* _Required action_: Strip the pictures, then copy the remaining data exactly as it stands.

* _Exercise data_:
● ● ● ●
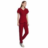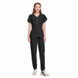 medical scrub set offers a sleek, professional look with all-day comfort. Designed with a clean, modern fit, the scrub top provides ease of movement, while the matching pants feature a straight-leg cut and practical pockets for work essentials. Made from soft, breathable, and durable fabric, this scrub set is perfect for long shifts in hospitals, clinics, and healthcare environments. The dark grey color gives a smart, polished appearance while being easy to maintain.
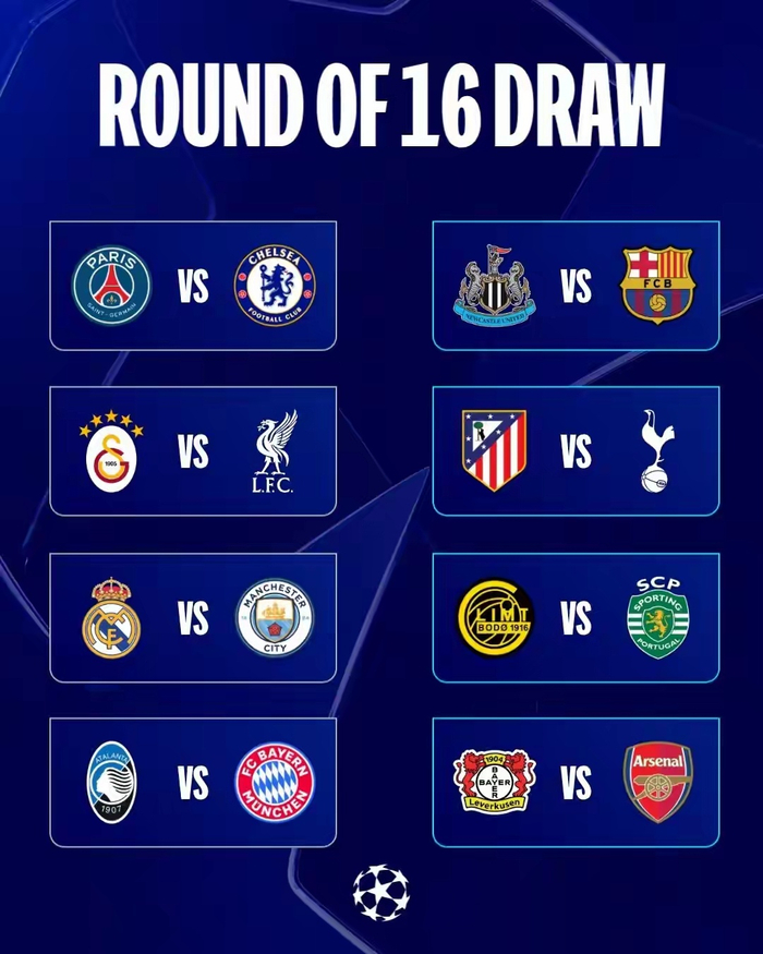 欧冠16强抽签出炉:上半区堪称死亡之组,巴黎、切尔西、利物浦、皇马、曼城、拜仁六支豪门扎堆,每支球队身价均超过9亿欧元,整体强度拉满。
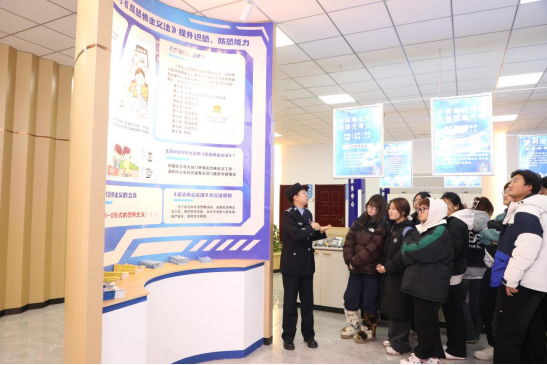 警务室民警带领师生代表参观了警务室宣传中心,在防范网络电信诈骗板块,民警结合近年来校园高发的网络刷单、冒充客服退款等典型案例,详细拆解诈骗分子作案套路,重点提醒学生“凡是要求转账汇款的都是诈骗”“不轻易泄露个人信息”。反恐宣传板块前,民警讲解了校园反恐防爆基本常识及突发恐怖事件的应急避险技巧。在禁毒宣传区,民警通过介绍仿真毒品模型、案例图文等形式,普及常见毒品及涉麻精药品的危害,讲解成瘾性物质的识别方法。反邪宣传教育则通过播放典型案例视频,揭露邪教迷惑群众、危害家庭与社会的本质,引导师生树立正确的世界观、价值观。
● ● ● ●
* _The completed task_:
 medical scrub set offers a sleek, professional look with all-day comfort. Designed with a clean, modern fit, the scrub top provides ease of movement, while the matching pants feature a straight-leg cut and practical pockets for work essentials. Made from soft, breathable, and durable fabric, this scrub set is perfect for long shifts in hospitals, clinics, and healthcare environments. The dark grey color gives a smart, polished appearance while being easy to maintain.
 欧冠16强抽签出炉:上半区堪称死亡之组,巴黎、切尔西、利物浦、皇马、曼城、拜仁六支豪门扎堆,每支球队身价均超过9亿欧元,整体强度拉满。
 警务室民警带领师生代表参观了警务室宣传中心,在防范网络电信诈骗板块,民警结合近年来校园高发的网络刷单、冒充客服退款等典型案例,详细拆解诈骗分子作案套路,重点提醒学生“凡是要求转账汇款的都是诈骗”“不轻易泄露个人信息”。反恐宣传板块前,民警讲解了校园反恐防爆基本常识及突发恐怖事件的应急避险技巧。在禁毒宣传区,民警通过介绍仿真毒品模型、案例图文等形式,普及常见毒品及涉麻精药品的危害,讲解成瘾性物质的识别方法。反邪宣传教育则通过播放典型案例视频,揭露邪教迷惑群众、危害家庭与社会的本质,引导师生树立正确的世界观、价值观。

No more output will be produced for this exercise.